We understand completely... YOU are a complete moron, for allowing
yourself to get rapt up in all the pseudo-science of manmade climate
change and warming. All the "SCIENCE" you post NEVER proves man is
responsible. You just post shit that happens naturally and HAS been
happening for billions of years.

Because WE'RE stuck in the middle of an Ice Age, but nearing it's end and
it's getting warmer, WE'RE responsible? Who says? God? You? Bloggers?

How have ALL the previous ice ages waned, without man around? Naturally,
of course. WHO told you the weather, temperature and climate was supposed
to stay the same during man's existence?

It HASN'T stayed the same, if you'd care to crack open a book or read
other sites, that aren't BLOGGER sites, like skepticalscience.com

***********************

Skeptical Science is a climate alarmist website created by a self-employed
cartoonist, John Cook (who apparently pretends, on occasion, to be a
Nazi).

http://3.bp.blogspot.com/-
lbw90JPZq6Q/U3B9roVxLAI/AAAAAAAABJ4/swCjiaMzqFk/s1600/Herr+Cook.gif

It is moderated by zealots who ruthlessly censor any and all forms of
dissent from their alarmist position. This way they can pretend to win
arguments, when in reality they have ALL been refuted.

The abuse and censorship does not pertain to simply any dissenting
commentator there but to highly credentialed and respected climate
scientists as well; Dr.

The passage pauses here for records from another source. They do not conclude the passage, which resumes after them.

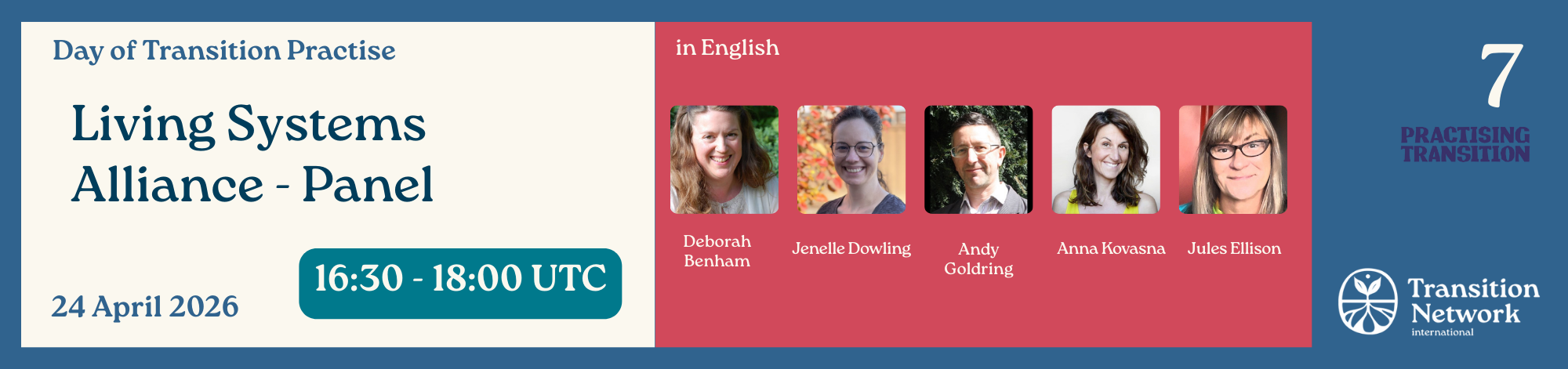Discover how communities everywhere can nurture real, lasting change in collaboration with nature. Join us for a very special 90-minute panel introducing the Living Systems Alliance, a new collaboration bringing together five pioneering organisations: Transition Network International, the Permaculture Association, Global Ecovillage Network, Kincentric Leadership, and The Biomimicry Institute.
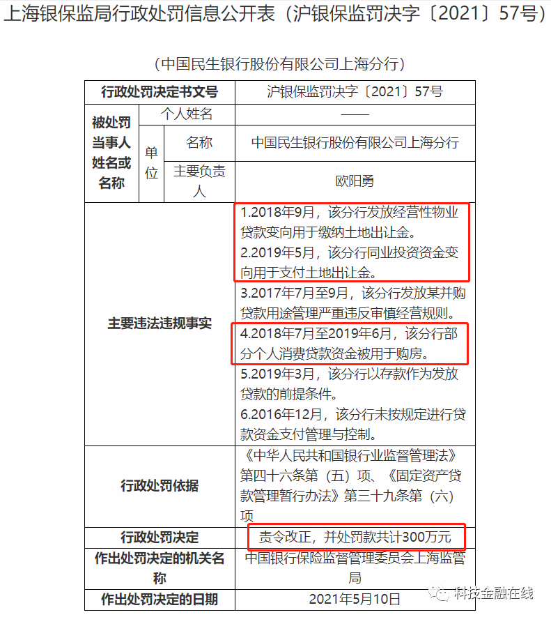 具体来看,民生银行上海分行因“六宗罪”被罚款300万,其中在楼市方面违规的情形包括:经营性物业贷款被变向用于缴纳土地出让金、同业投资资金被变向用于支付土地出让金、部分个人消费贷款资金被用于购房。
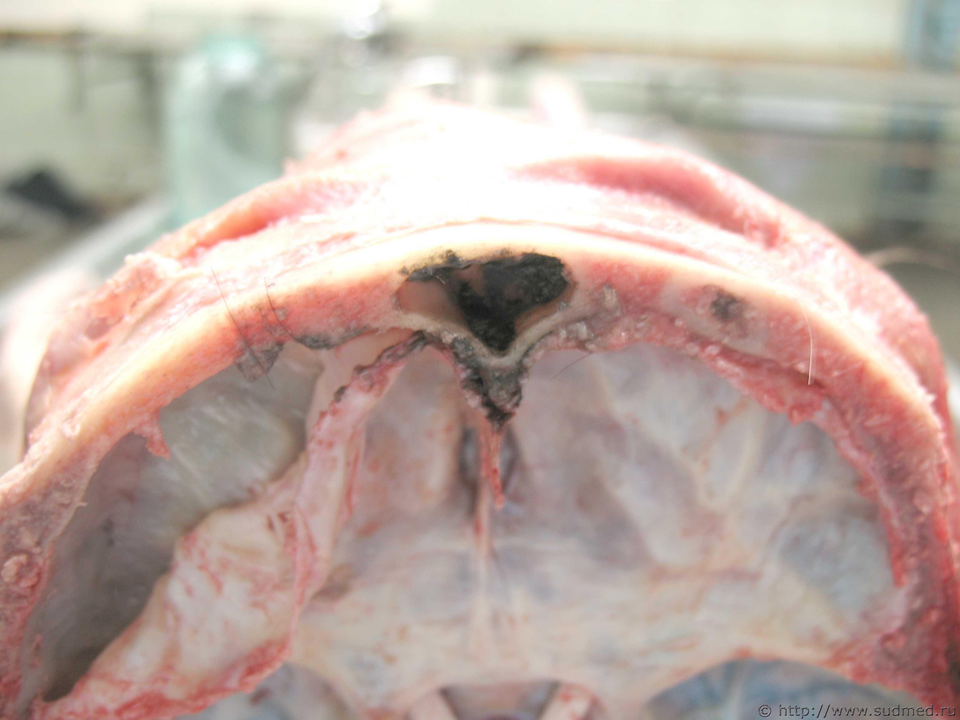 Никогда не думал, что такое можно еще встретить: огромные камни почек и как следствие, гнойный пиелонефрит, скорее пионефроз (из правой почки 600 мл гноя откачал) и уросепсис. ![]() ![]() Отравление угарным газом. Помарки копоти в передней черепной ямке, на внутренней поверхности продырявленной пластинки решетчатой кости. ![]() |

Pielke Sr. has unsuccessfully attempted to engage
in discussions there only to be childishly taunted and censored, while Dr.
Michaels has been dishonestly quoted and smeared.

The irony of the site's oxymoronic name "Skeptical Science" is that the
site is not skeptical of even the most extreme alarmist positions.

John Cook is now desperately trying to cover up his background that he was
employed as a cartoonist for over a decade with no prior employment
history in academia or climate science.

Thanks to the Wayback Machine we can reveal what his website originally
said,

"I'm not a climatologist or a scientist but a self employed cartoonist" -
John Cook, Skeptical Science

http://2.bp.blogspot.com/-
YYVrr8BJIj4/U3CA_pKUGjI/AAAAAAAABKE/o8O69K9MHng/s1600/Cook+Cartoonist.gif

http://2.bp.blogspot.com/-Y20HAVkDLGI/U3CBOi_mebI/AAAAAAAABKM/04qM-
uzbrDs/s1600/Cook+SEV.gif

It is very important for Mr. Cook to keep up this facade, as once people
learn of his lack of credentials and scientifically worthless employment
history they are unlikely to take his website seriously no matter how he
desperately pads his resume.

******************************

Update 1: The climate alarmist website Skeptical Science
had their forums "hacked" and the contents posted online. What was
revealed is simply astonishing,

Skeptical Science: The Censorship of Poptech

"The impact of that ban on PopTech was to silence him." - [Skeptical
Science]

Skeptical Science: "Ding dong, the witch is dead"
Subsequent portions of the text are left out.